A while back I wrote about the fact that spring-summer price rallies tend to take place even during multi-year price declines. As the following graph from that article shows, a spring or summer increase in home prices doesn’t rule out the possibility that a longer-term price decline is still underway:

What’s interesting is that the price increase that’s taken place since earlier this year has been unusually strong compared to spring rallies past.
The chart directly above utilizes the Case-Shiller index, a measure of aggregate home prices that is superior to the size-adjusted median price (not to mention available all the way back through the last housing bust). Comparing apples to apples, the Case-Shiller index has risen by 2.0 percent from its low point in April of this year. This is on par with, though not quite as big as, the largest spring rallies of the 1990s.

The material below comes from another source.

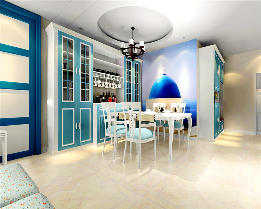 首先被吸引的就是色彩的搭配,顏色大膽卻不會覺得過于浮夸,在圓形吊頂?shù)囊r托下,一切渾然天成,精致的餐桌與餐椅交相輝映,極簡中透露出一股子小清新。

But because the Case-Shiller index is only available through June, that 2 percent increase ignores whatever price rises may have occurred in July and August. To address that issue, I have attempted to estimate the July and August Case-Shiller readings based on changes to the three-month average of the detached home median price per square foot. If the movements in the size-adjusted median are pretty much in line with changes to actual home prices, this should provide a decent idea of what the July and August values for the index will be.
According to this technique, the Case-Shiller index will show an increase 6.8 percent between April and August of this year:

That increase is nearly three times as large as any spring rally that took place during the 1990s. We will see how accurate my little estimation technique turns out to be, but for now it’s looking like this rally is substantially more powerful than anything we saw during the last bust.